* _What you need to do_: Output all the data exactly. Pictures do not belong in the copy.

** Opening Input block **

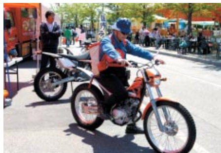
ヤマハエンジンを搭載するフランスのSCORPA製トライアルマシンの展示・搭乗が行われました。
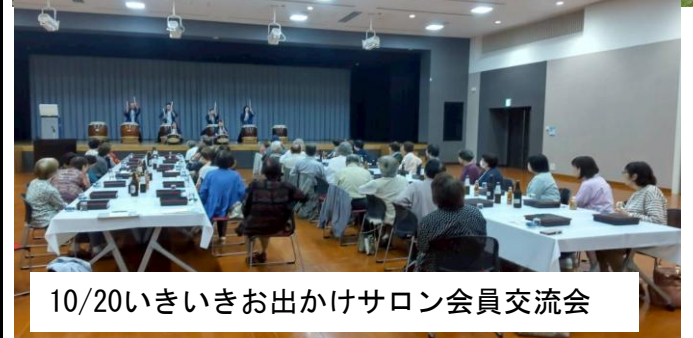
10/20いきいきお出かけサロン会員交流会
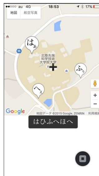
図 3 閲覧画面

市の主要な観光地である「ひがし茶屋街」を開始地点とし、本稿著者のうちの 4 人で試用実験を行った。実験に使用した端末は、4 人がそれぞれ普段から使用しているものである。端末の機種は iPhone 5S×2, iPhone 6, ARROWS NX F-05F (Android OS) を使用した。メンバーはスタート地点からそれぞれ散らばり、各個人のタイミングで「はあ」、「ひい」、「ふう」、「へえ」、「ほお」をそれぞれ選択して、データを蓄積した。実装したアプリケーションの動作状況に関しては、iOS 端末では目立った問題はなく、Android OS では動作が遅かったものの、入力には問題なかった。
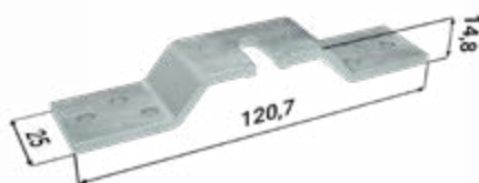
2× dverný nosič
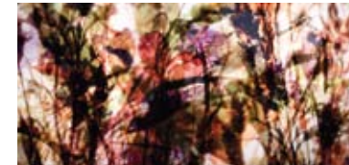
Trollholmsund / Stabbursdalen
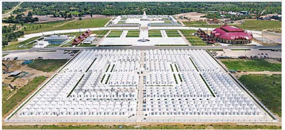
မာရဝိဇယဗုဒ္ဓရုပ်ပွားတော်မြတ်ကြီးနှင့် ဗုဒ္ဓဥယျာဉ်တော်ကို တွေ့ရစဉ်
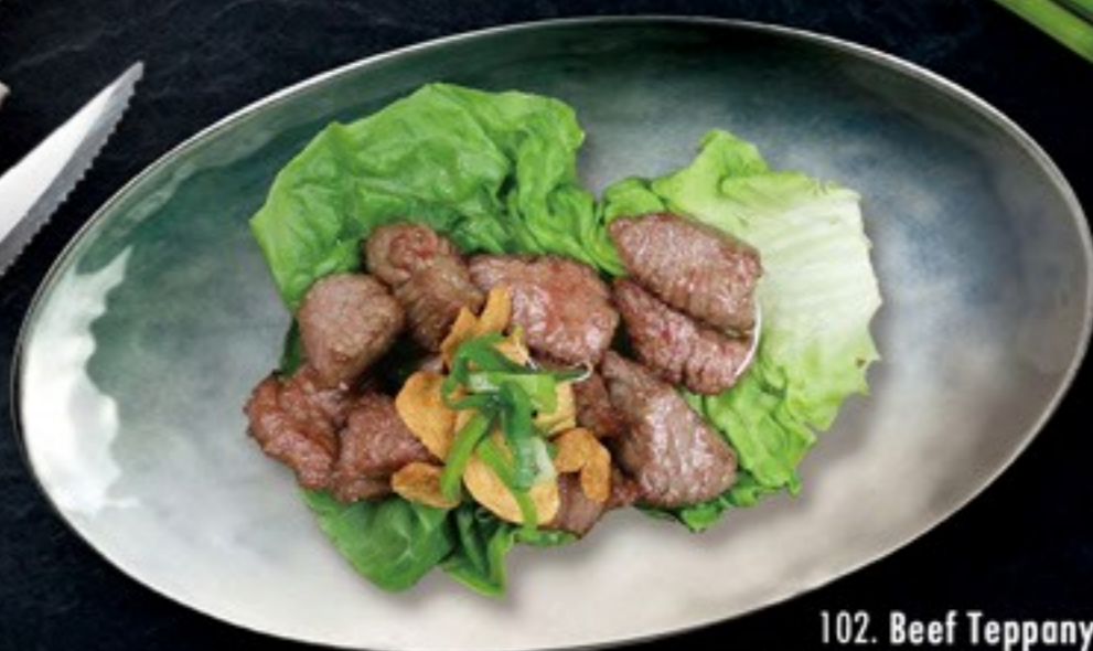
102. Beef Teppanyaki biefstukjes met gedroogde knoflookvlokken
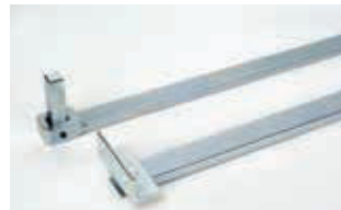
Шарнирный телескопический рычаг с монтажными принадлежностями Артикул 738700
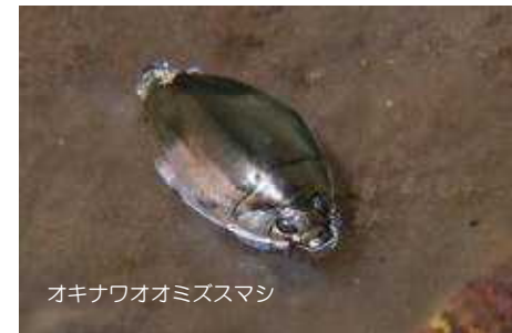
オキナワオオミズスマシ

ゲンゴロウをまねたマイクロマシンの開発が進んでいます。この機械は、直径5mmの管の中を高速に移動することができるので、様々な配管の内部検査への利用が期待されています。また、その進化型としてバッテリーもモーターもいらぬ、外部磁界で動くマイクロマシンの開発も行われていて、医療分野での利用が期待されています。
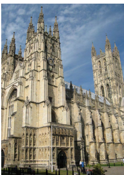
Kathedraal van Canterbury, start Via Francigena; geschiedenis gaat terug tot 6e eeuw.

Mooie en bijzondere foto's? Stuur ze ons met uw verhaal! [Hier]
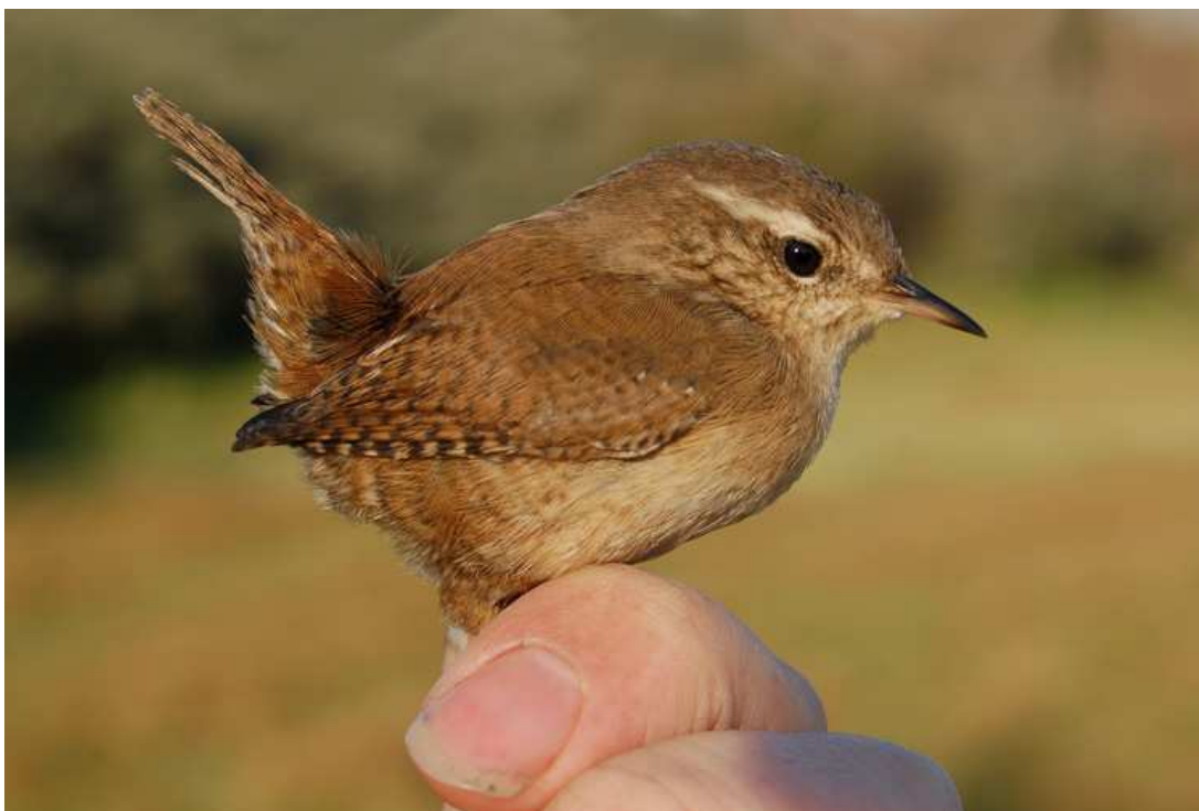
Het aantal gevangen winterkoningen tijdens het CES-project lag in 2008 hoger dan ooit en bedroeg ruim tweemaal zo veel als het langjarig gemiddelde. Meijendel, 2 november 2008. Ringers: Wijnand Bleumink, Ben Wielstra, Wouter Teunissen en Vincent van der Spek

Van de gecontroleerde overjarige vogels is iets meer dan de helft in 2008 geringd. Van de in eerdere jaren teruggevangen overjarige vogels is 40 % in het eerste levensjaar geringd. De oudste afgelezen vogel was een heggemus, als 1K geringd op 20 juli 2003.
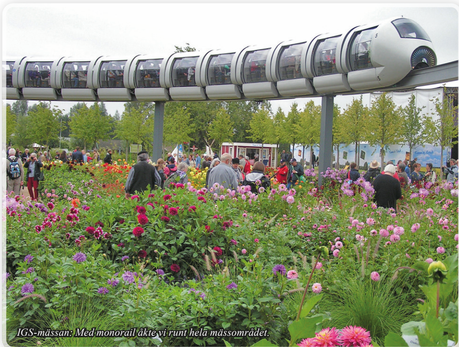
IGS-mässan: Med monorail åkte vi runt hela mässområdet.

Det var ett glatt bussgång med dahliaentusiaster som gav sig iväg. Resenärerna var från skilda platser i landet, från Gotland till Malmö. Att få träffa så många personer med samma intresse var kul. Bussen tog oss till Trelleborg för att åka vidare med färja. På båten lät vi oss väl smaka av den enorma buffén som var uppdukad. Mätta och trötta kröp vi sedan ner i våra sängar. Tidigt nästa morgon var vi framme i Travemünde och fortsatte vår resa till Hamburg.
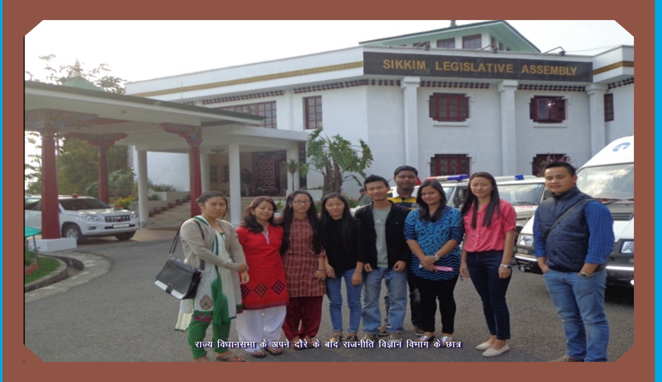
राज्य विधानसभा के अपने दौरे के बाद राजनीति विज्ञान विभाग के छात्र

राजनीति विज्ञान विभाग के छात्रों ने 16-17 मार्च, 2015 के दौरान राज्य विधान सभा के कार्यालय का दौरा किया। उनकी इस यात्रा के दौरान, उन्हें नौवीं सिक्किम विधान सभा के सत्र में भाग लेने का अवसर भी मिला। राजनीति विज्ञान विभाग का मानना है ऐसा करना छात्रों को राज्य के राजनीतिक परिदृश्य को बेहतर तरीके से समझने में सक्षम बनाता है। छात्रों ने कार्रवाई में सरकार की एक झलक और जीवंत संसदीय बहस और विधानसभा में नीति निर्माण को देखा।
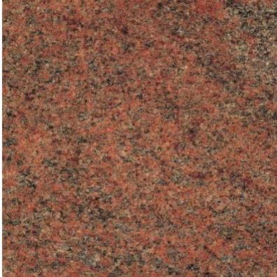
Rudai rausvas granitas

Elektros sistema įrengiama po akmens grindinio paviršiumi, numatytos lauko sąlygoms tinkančios ekonomiškų LED šviestuvų juostos.
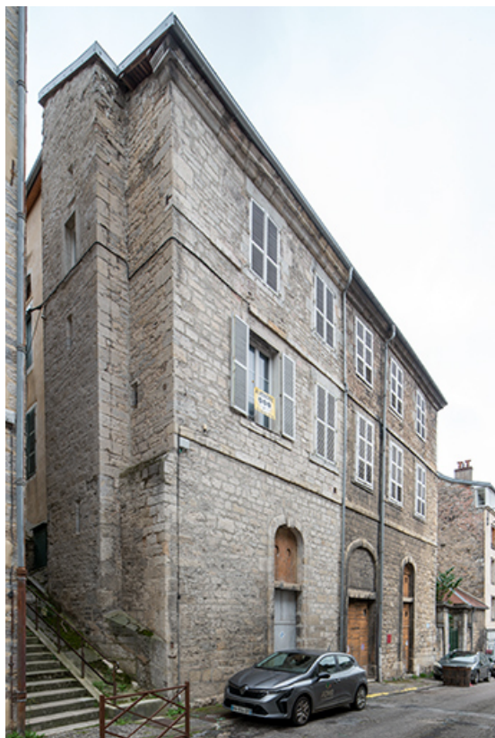
Bâtiment sur rue, vu depuis de trois quarts droite.

39, Salins-les-Bains, 13 rue de la Liberté
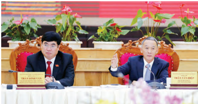
Phó Bí thư Thường trực Tỉnh ủy và Chủ tịch UBND tỉnh chủ trì hội nghị.
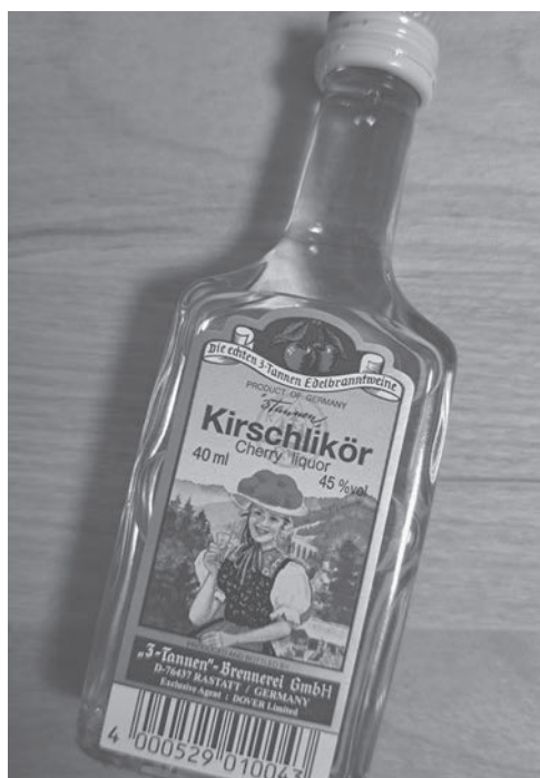
厳選された完熟チェリーを使用。ドイツの老舗タンネン社の一本。

サクランボが大好きです。今年 は春先からの気温が高かったた め、福島県のサクランボは収穫時 期が例年よりやや早いのだとか。今 回は、今まさに旬のサクランボの 蒸留酒「キルシュヴァッサー」を 紹介します。 キルシュヴァッサーは、サクラ ンボを種ごと潰して発酵させ、6 週間前後寝かせた後に蒸留して造 られます。ドイツ南部、オースト リア、スイスが主な原産国です。 「キルシュ」はサクランボ。「ヴァッ サー」は水を意味します。アルコール 度数が高い蒸留酒なのに、なぜ、 水を意味する言葉が使われるのか というところ、見た目が水のように無 色透明だからなのだとか。カタカ ナの表記上、キルシュヴァッサーと 呼ばれることも。また、日本では 単にキルシュと呼ぶことが一般的
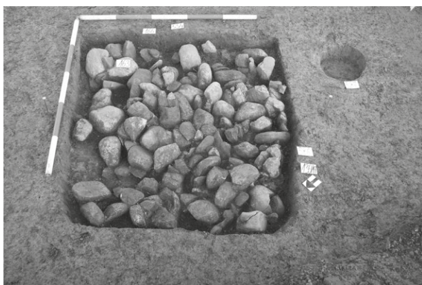
Obr. 6. Oldřišov. Zahloubená chata (obj. č. 500). Abb. 6. Oldřišov. Grubenhaus (Objekt Nr. 500).
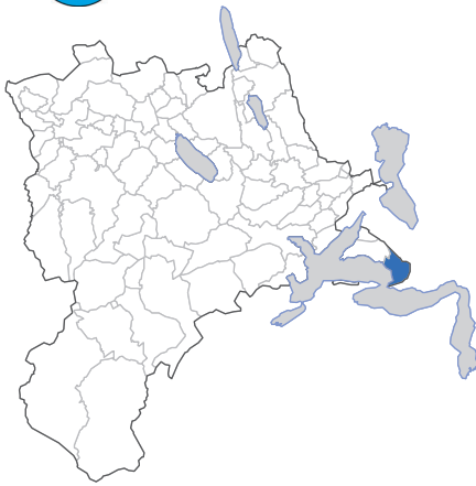
Vitznau an der Riviera des Kantons Luzern
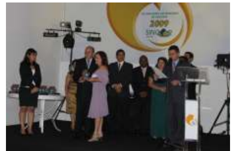
Melhor Corretora de Seguros no Ramo VIDA: ARANGÁ CORRETORA DE SEG. DE VIDA
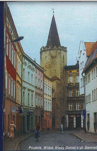
Prudnik. Widok Wieży Dolnej z ul. Damrota
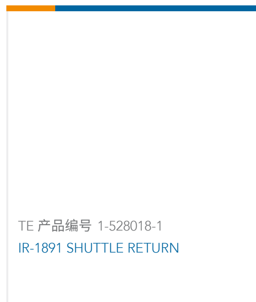
TE 产品编号 1-528018-1 IR-1891 SHUTTLE RETURN
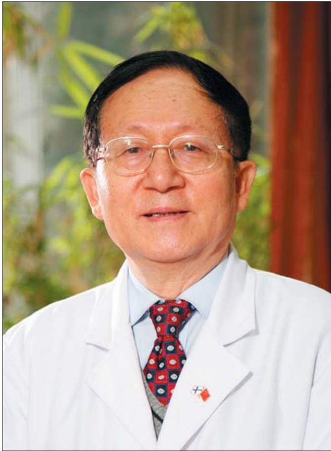
原卫生部首席健康教育专家洪昭光

“中医的哲学思想、西医的药理作用、华罗庚数学的优选法和运筹学，三者有机综合，才形成了O号。降压效果明显，价格便宜，经过40多年的临床检验，O号得到了广大患者的认可。”回忆降压药“O号”的诞生，原卫生部首席健康教育专家、北京安贞医院著名心血管病专家洪昭光骄傲地说。
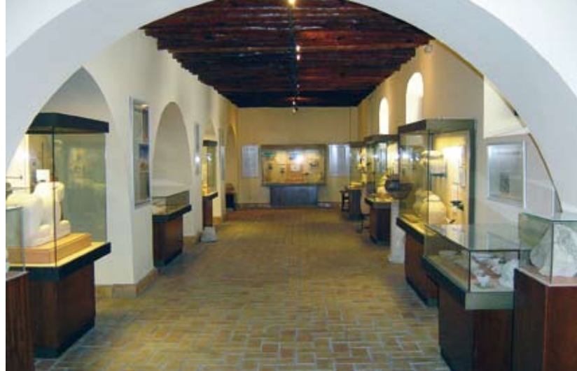
Panorámica de una de las salas.

La segunda vitrina está dedicada a estos dos períodos de la Pre-
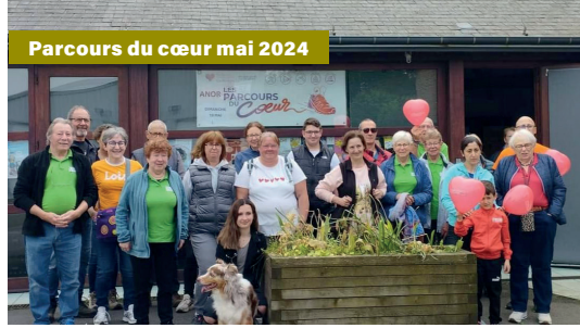
Parcours du cœur mai 2024
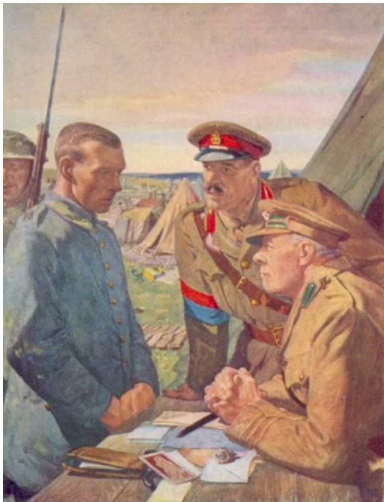
Afhøring, ca. 1916.

Postkort fra Imperial War Museum, London, efter maleri af Francis Dodd.

** Closing Input block **

* _Answer space_:
ヤマハエンジンを搭載するフランスのSCORPA製トライアルマシンの展示・搭乗が行われました。
10/20いきいきお出かけサロン会員交流会
図 3 閲覧画面

市の主要な観光地である「ひがし茶屋街」を開始地点とし、本稿著者のうちの 4 人で試用実験を行った。実験に使用した端末は、4 人がそれぞれ普段から使用しているものである。端末の機種は iPhone 5S×2, iPhone 6, ARROWS NX F-05F (Android OS) を使用した。メンバーはスタート地点からそれぞれ散らばり、各個人のタイミングで「はあ」、「ひい」、「ふう」、「へえ」、「ほお」をそれぞれ選択して、データを蓄積した。実装したアプリケーションの動作状況に関しては、iOS 端末では目立った問題はなく、Android OS では動作が遅かったものの、入力には問題なかった。
2× dverný nosič
Trollholmsund / Stabbursdalen
မာရဝိဇယဗုဒ္ဓရုပ်ပွားတော်မြတ်ကြီးနှင့် ဗုဒ္ဓဥယျာဉ်တော်ကို တွေ့ရစဉ်
102. Beef Teppanyaki biefstukjes met gedroogde knoflookvlokken
Шарнирный телескопический рычаг с монтажными принадлежностями Артикул 738700
オキナワオオミズスマシ

ゲンゴロウをまねたマイクロマシンの開発が進んでいます。この機械は、直径5mmの管の中を高速に移動することができるので、様々な配管の内部検査への利用が期待されています。また、その進化型としてバッテリーもモーターもいらぬ、外部磁界で動くマイクロマシンの開発も行われていて、医療分野での利用が期待されています。
Kathedraal van Canterbury, start Via Francigena; geschiedenis gaat terug tot 6e eeuw.

Mooie en bijzondere foto's? Stuur ze ons met uw verhaal! [Hier]
Het aantal gevangen winterkoningen tijdens het CES-project lag in 2008 hoger dan ooit en bedroeg ruim tweemaal zo veel als het langjarig gemiddelde. Meijendel, 2 november 2008. Ringers: Wijnand Bleumink, Ben Wielstra, Wouter Teunissen en Vincent van der Spek

Van de gecontroleerde overjarige vogels is iets meer dan de helft in 2008 geringd. Van de in eerdere jaren teruggevangen overjarige vogels is 40 % in het eerste levensjaar geringd. De oudste afgelezen vogel was een heggemus, als 1K geringd op 20 juli 2003.
IGS-mässan: Med monorail åkte vi runt hela mässområdet.

Det var ett glatt bussgång med dahliaentusiaster som gav sig iväg. Resenärerna var från skilda platser i landet, från Gotland till Malmö. Att få träffa så många personer med samma intresse var kul. Bussen tog oss till Trelleborg för att åka vidare med färja. På båten lät vi oss väl smaka av den enorma buffén som var uppdukad. Mätta och trötta kröp vi sedan ner i våra sängar. Tidigt nästa morgon var vi framme i Travemünde och fortsatte vår resa till Hamburg.
राज्य विधानसभा के अपने दौरे के बाद राजनीति विज्ञान विभाग के छात्र

राजनीति विज्ञान विभाग के छात्रों ने 16-17 मार्च, 2015 के दौरान राज्य विधान सभा के कार्यालय का दौरा किया। उनकी इस यात्रा के दौरान, उन्हें नौवीं सिक्किम विधान सभा के सत्र में भाग लेने का अवसर भी मिला। राजनीति विज्ञान विभाग का मानना है ऐसा करना छात्रों को राज्य के राजनीतिक परिदृश्य को बेहतर तरीके से समझने में सक्षम बनाता है। छात्रों ने कार्रवाई में सरकार की एक झलक और जीवंत संसदीय बहस और विधानसभा में नीति निर्माण को देखा।
Rudai rausvas granitas

Elektros sistema įrengiama po akmens grindinio paviršiumi, numatytos lauko sąlygoms tinkančios ekonomiškų LED šviestuvų juostos.
Bâtiment sur rue, vu depuis de trois quarts droite.

39, Salins-les-Bains, 13 rue de la Liberté
Phó Bí thư Thường trực Tỉnh ủy và Chủ tịch UBND tỉnh chủ trì hội nghị.
厳選された完熟チェリーを使用。ドイツの老舗タンネン社の一本。

サクランボが大好きです。今年 は春先からの気温が高かったた め、福島県のサクランボは収穫時 期が例年よりやや早いのだとか。今 回は、今まさに旬のサクランボの 蒸留酒「キルシュヴァッサー」を 紹介します。 キルシュヴァッサーは、サクラ ンボを種ごと潰して発酵させ、6 週間前後寝かせた後に蒸留して造 られます。ドイツ南部、オースト リア、スイスが主な原産国です。 「キルシュ」はサクランボ。「ヴァッ サー」は水を意味します。アルコール 度数が高い蒸留酒なのに、なぜ、 水を意味する言葉が使われるのか というところ、見た目が水のように無 色透明だからなのだとか。カタカ ナの表記上、キルシュヴァッサーと 呼ばれることも。また、日本では 単にキルシュと呼ぶことが一般的
Obr. 6. Oldřišov. Zahloubená chata (obj. č. 500). Abb. 6. Oldřišov. Grubenhaus (Objekt Nr. 500).
Vitznau an der Riviera des Kantons Luzern
Melhor Corretora de Seguros no Ramo VIDA: ARANGÁ CORRETORA DE SEG. DE VIDA
Prudnik. Widok Wieży Dolnej z ul. Damrota
TE 产品编号 1-528018-1 IR-1891 SHUTTLE RETURN
原卫生部首席健康教育专家洪昭光

“中医的哲学思想、西医的药理作用、华罗庚数学的优选法和运筹学，三者有机综合，才形成了O号。降压效果明显，价格便宜，经过40多年的临床检验，O号得到了广大患者的认可。”回忆降压药“O号”的诞生，原卫生部首席健康教育专家、北京安贞医院著名心血管病专家洪昭光骄傲地说。
Panorámica de una de las salas.

La segunda vitrina está dedicada a estos dos períodos de la Pre-
Parcours du cœur mai 2024
Afhøring, ca. 1916.

Postkort fra Imperial War Museum, London, efter maleri af Francis Dodd.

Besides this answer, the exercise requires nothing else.